Does everyone have help?

However, the fact that a student is considered NESE does not directly imply that they receive financial support or assistance. In fact, given that the NESE B category includes both students at risk of poverty and students with sociocultural difficulties, it is often concluded that all newly arrived students receive financial support, but the process is not automatic.

After being categorized as NESE, the psychopedagogical counseling teams prepare a report indicating what support actions the students need. For example, to receive the school backpack –The financial support sent to schools to cover all student expenses, such as field trips, summer camps, gowns, or uniforms, the EAP social worker will need to indicate that the student needs this resource based on data such as whether their family benefits from guaranteed income or 24-month aid, or if they have been in developing countries for less than two years, among others.

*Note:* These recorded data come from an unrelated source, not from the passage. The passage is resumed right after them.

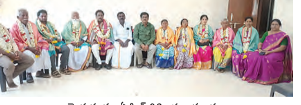
మైదుకూరు, ఏప్రిల్ 02, ప్రభాతవార్త:
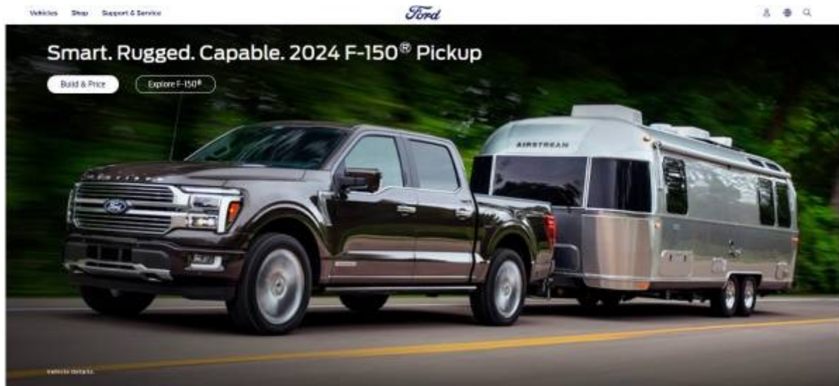
Ford.com - F150-Pickup

Postázta: Andreas Demmig | 2023. szeptember 25. | Energia | 6 |
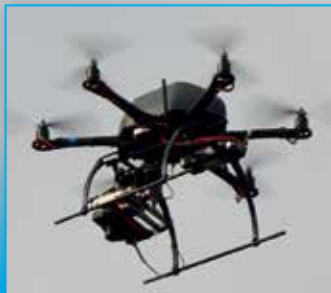
Fig. 2 - L'esacottero della Mikrokopter utilizzato nel rilievo fotogrammetrico da UAV, fondamentale per l'integrazione dei dati laser scanning terrestri.

colar modo delle coperture, di fondamentale importanza per pianificare le prime opere di messa in sicurezza, ha condotto all'esecuzione di un rilievo fotogrammetrico da UAV. Quest'ultimo metodo risulta particolarmente utile in zone terremotate perché permette di documentare gli edifici danneggiati senza mettere a rischio la sicurezza dell'operatore e di acquisire dati di aree difficilmente raggiungibili con altri metodi.
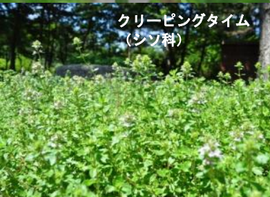
クリーピングタイム (シソ科)
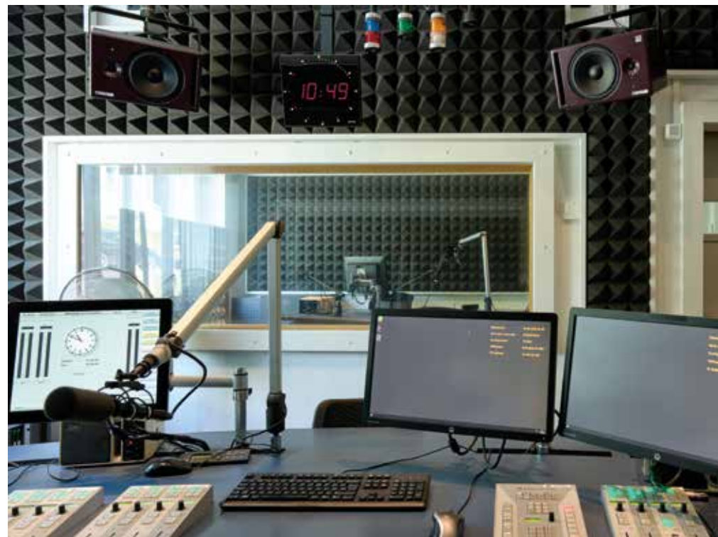
Abb. 6 Blick von der Regie in ein Studio, Lausanne, La Sallaz, im Sommer 2025.
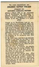
29 johannes baptist
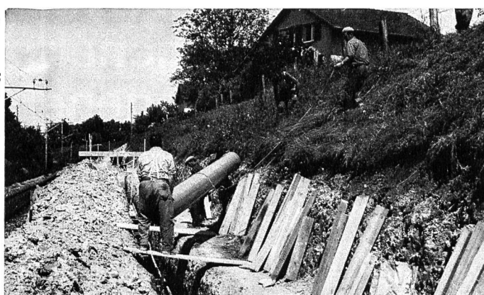
KALIDUR-Kanalisationsrohre, verlegt im Bahneinschnitt
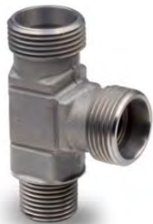
Тип BT і MT
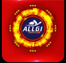
volatilidade / Prêmio
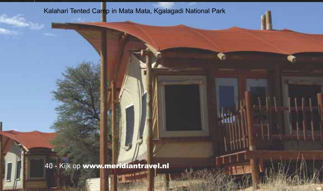
Kalahari Tented Camp in Mata Mata, Kgalagadi National Park

In de Noordkaap zijn de overnachtingsmogelijkheden niet talrijk. Daarom is het te overwegen om vooraf je accommodaties vast te leggen. Als je een fly-drive boekt is dat al voor je geregeld. Meridian Travel! overnachtte bij Die Hatam Huis, Calvinia; Augrabies Falls National Park; Twee Rivieren Camp en Kalahari Tented Camp, Kgalagadi Transfrontier National Park; !Xaus Lodge, Kgalagadi Transfrontier National Park (als je boekt bij QAS holidays voor de periode van oktober 2010 tot 1 april 2011 krijg je dertig procent korting bij de !Xaus Lodge; zie www.qasholidays.nl ); Uitspan Guest Farm, nabij Upington; en De Herberg Lodge, De Aar.

However, if a language or integration problem is detected, the EAP educator or speech therapist may request that the student access a reception classroom or receive the support of a night watchman if they have a physical disability or intellectual disorder. Furthermore, the same student may need more than one type of support.

Is it a good system?

Both Segurola and the director of the AFACC (the association that represents the majority of AFAs in Catalonia), Lidón Gasull, highly value the increase in vulnerability detection in the Catalan system. In fact, some communities are using it as a reference, such as the Basque Country. "It's a policy with capital letters that has been implemented with great courage and is very countercultural, but it still has shortcomings," admits the expert in school segregation.

Gasull agrees that "the system is willing to detect vulnerable students and help them, but the process is opaque." In fact, the director of the AFFAC admits that within schools this opacity ends up stigmatizing some families: "Instead of creating structural measures that guarantee free schooling for all, students end up being labeled as... students backpack and confrontations between families are encouraged due to lack of information." Gasull insists that Catalan schools have a problem of child poverty that must be addressed.

Finally, Segurola puts two more negative points on the table. On the one hand, the amount of the school backpack This is below the actual cost of educational expenditures—public schools currently receive €384 per student, compared to the initial forecast of €641, and the calculation of these expenses is based on 2019 figures. Furthermore, the expert on school segregation warns that there are students who, due to their current year, still do not receive a school backpack despite needing one. "Resources have been expanded since the 2022/23 school year, when this system was first implemented, but the measure still does not reach students in years 2, 3, 4, 5, and 6 of primary school," the expert laments.